WHAT THE TASK ASKS: Print the full set of records below, character for character and picture-free.

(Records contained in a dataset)
______________________________
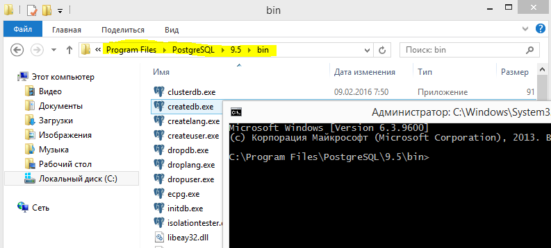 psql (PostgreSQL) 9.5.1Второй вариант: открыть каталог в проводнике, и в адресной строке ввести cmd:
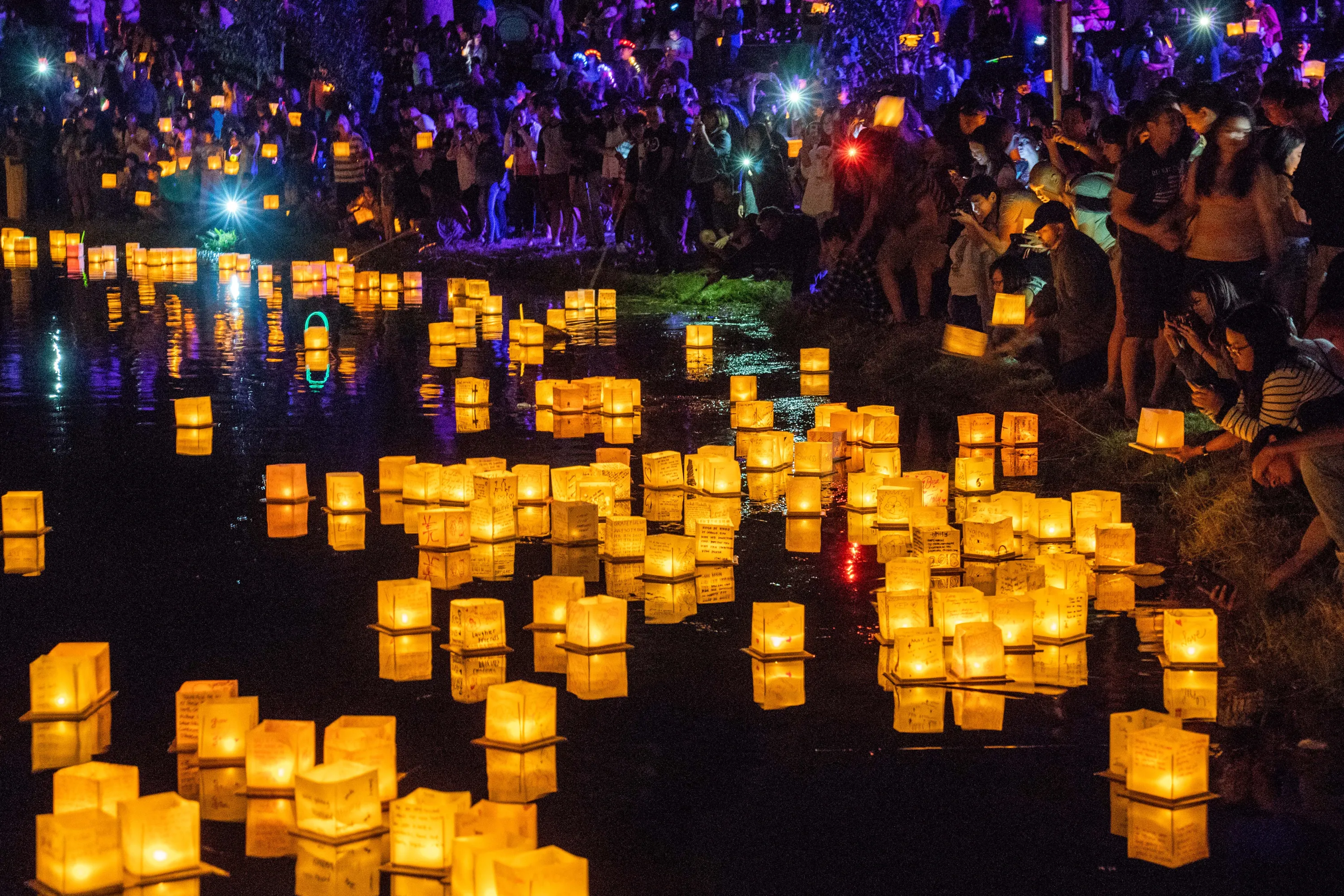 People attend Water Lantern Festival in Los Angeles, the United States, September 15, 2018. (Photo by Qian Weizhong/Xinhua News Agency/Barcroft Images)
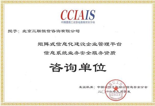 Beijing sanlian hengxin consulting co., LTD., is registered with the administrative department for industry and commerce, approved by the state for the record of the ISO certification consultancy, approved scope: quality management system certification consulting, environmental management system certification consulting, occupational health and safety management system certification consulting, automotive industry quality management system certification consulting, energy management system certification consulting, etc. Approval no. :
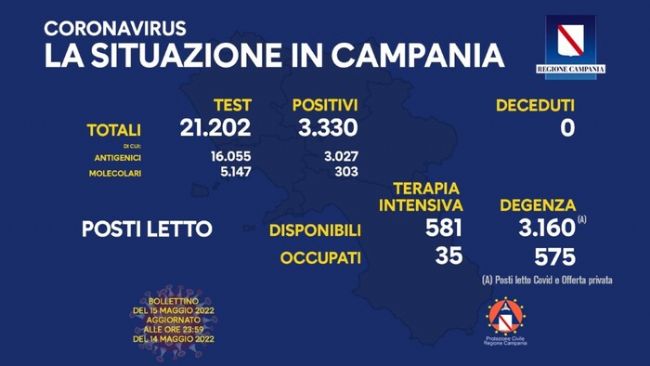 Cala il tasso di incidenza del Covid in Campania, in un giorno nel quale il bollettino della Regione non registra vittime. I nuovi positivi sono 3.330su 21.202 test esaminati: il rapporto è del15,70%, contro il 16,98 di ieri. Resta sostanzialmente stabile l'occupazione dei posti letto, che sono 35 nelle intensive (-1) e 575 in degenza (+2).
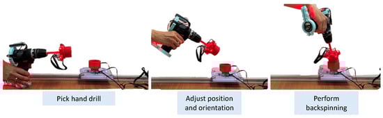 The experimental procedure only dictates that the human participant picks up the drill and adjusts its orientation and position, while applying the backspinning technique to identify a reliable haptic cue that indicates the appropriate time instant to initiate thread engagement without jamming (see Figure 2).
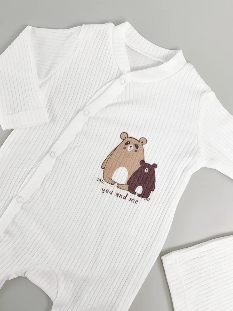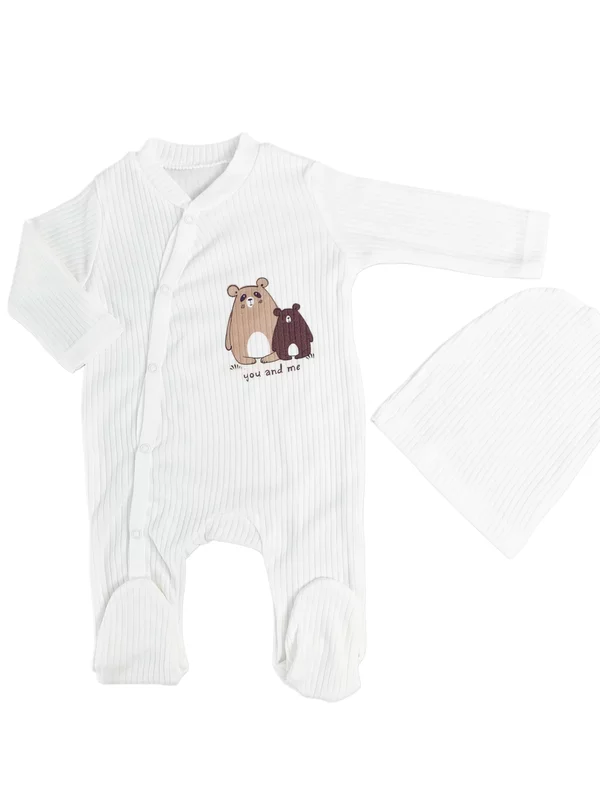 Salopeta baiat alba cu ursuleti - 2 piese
______________________________
FINISHED TASK:
 psql (PostgreSQL) 9.5.1Второй вариант: открыть каталог в проводнике, и в адресной строке ввести cmd:
 People attend Water Lantern Festival in Los Angeles, the United States, September 15, 2018. (Photo by Qian Weizhong/Xinhua News Agency/Barcroft Images)
 Beijing sanlian hengxin consulting co., LTD., is registered with the administrative department for industry and commerce, approved by the state for the record of the ISO certification consultancy, approved scope: quality management system certification consulting, environmental management system certification consulting, occupational health and safety management system certification consulting, automotive industry quality management system certification consulting, energy management system certification consulting, etc. Approval no. :
 Cala il tasso di incidenza del Covid in Campania, in un giorno nel quale il bollettino della Regione non registra vittime. I nuovi positivi sono 3.330su 21.202 test esaminati: il rapporto è del15,70%, contro il 16,98 di ieri. Resta sostanzialmente stabile l'occupazione dei posti letto, che sono 35 nelle intensive (-1) e 575 in degenza (+2).
 The experimental procedure only dictates that the human participant picks up the drill and adjusts its orientation and position, while applying the backspinning technique to identify a reliable haptic cue that indicates the appropriate time instant to initiate thread engagement without jamming (see Figure 2).
 Salopeta baiat alba cu ursuleti - 2 piese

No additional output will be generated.